### Work request
In the entries that follow, find the line containing "SPINACH FETA EMPANADA $11.50 (dozen)" and the line containing "Slipover rings! (see Item-No. 8304/...)", then retype exactly the lines from the first through the second, pictures excluded.

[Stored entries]
****************

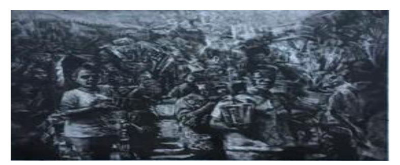
Res Militaris , vol.12, n°6, winter 2022

Figure 6 depicts the "Phi Ta Haek" painting. The design of this artwork was influenced by the Khaosak ceremony, which is held in the ninth month and honors Phi Ta Hak for the prosperity of their farming since Phi Ta Haek is thought to be the ghost of the rice fields and is thought to produce crop proliferation.
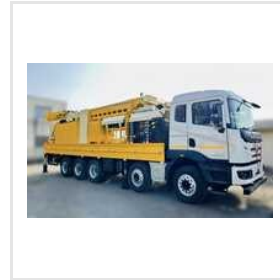
Water Well Drilling Rig Machine
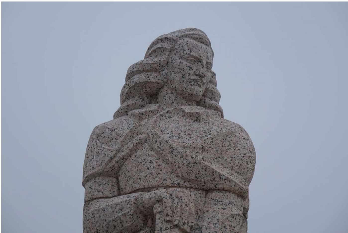
Photo 2: Detail of La Salle Monument—camera faces northwest. The upper portion of the La Salle monument is a full-rounded sculpture.
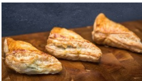
SPINACH FETA EMPANADA $11.50 (dozen)
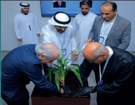
A Symbol of Growth and Prosperity Inauguration of CPA, Planted by President, CEO & GM
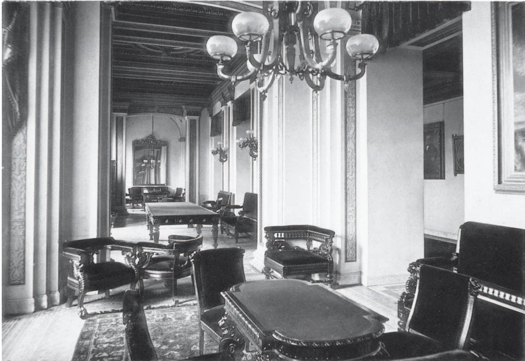
LOBBY OR CORRIDOR, SOUTH OF HOUSE OF REPRESENTATIVES.

H-212, 213, and 214, Member's Retiring Room. The center space was the original Speaker's office.
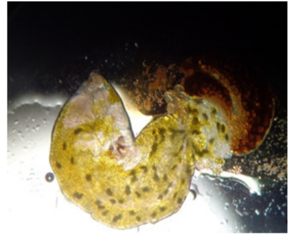
Fig. 6. Pupae.
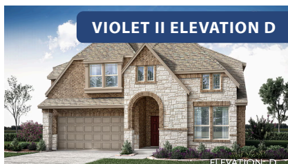
VIOLET II ELEVATION D
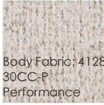
Body Fabric: 4128- 30CC-P Performance
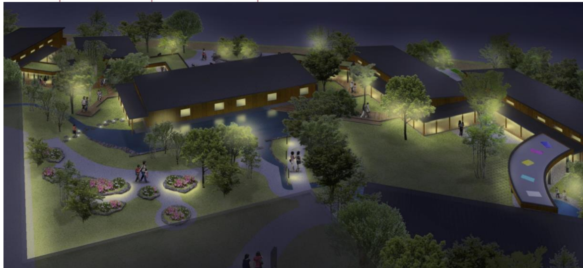
As the lights from the building are bright, the lighting of the landscape emphasises continuity to guild the aisle.
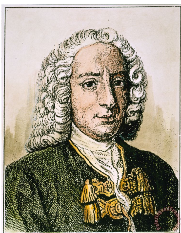
Daniel Bernoulli 1700-1782
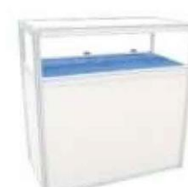
Small showcase Code: PX-02 1030(L)X535(W)X1030(H)
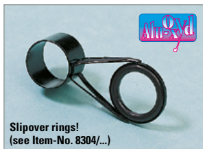
Slipover rings! (see Item-No. 8304/...)
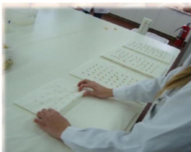
Figure 5. Seeds were packed in moist germination paper.

These seeds were packed in moist germination paper, as shown in Figure 5, and then held under these conditions for 16h at 25°C.
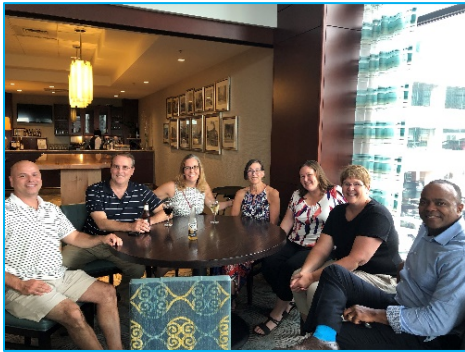
Members of Albany Cohort XI
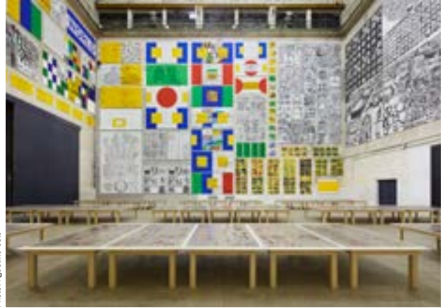
Installation View, Matt Mullican, "The Feeling of Things", exhibition view at Pirelli HangarBicocca, Milan, 2018.
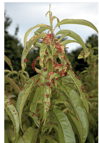
Figure 6. Peach leaf curl is easy to recognize but hard to manage.
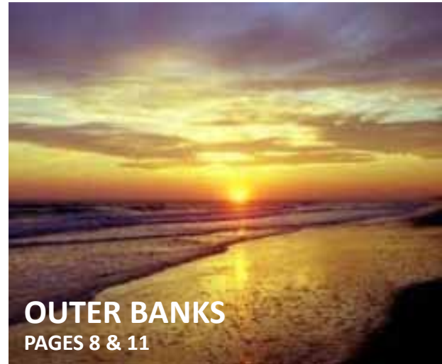
OUTER BANKS PAGES 8 & 11

****************

### Response below
SPINACH FETA EMPANADA $11.50 (dozen)
A Symbol of Growth and Prosperity Inauguration of CPA, Planted by President, CEO & GM
LOBBY OR CORRIDOR, SOUTH OF HOUSE OF REPRESENTATIVES.

H-212, 213, and 214, Member's Retiring Room. The center space was the original Speaker's office.
Fig. 6. Pupae.
VIOLET II ELEVATION D
Body Fabric: 4128- 30CC-P Performance
As the lights from the building are bright, the lighting of the landscape emphasises continuity to guild the aisle.
Daniel Bernoulli 1700-1782
Small showcase Code: PX-02 1030(L)X535(W)X1030(H)
Slipover rings! (see Item-No. 8304/...)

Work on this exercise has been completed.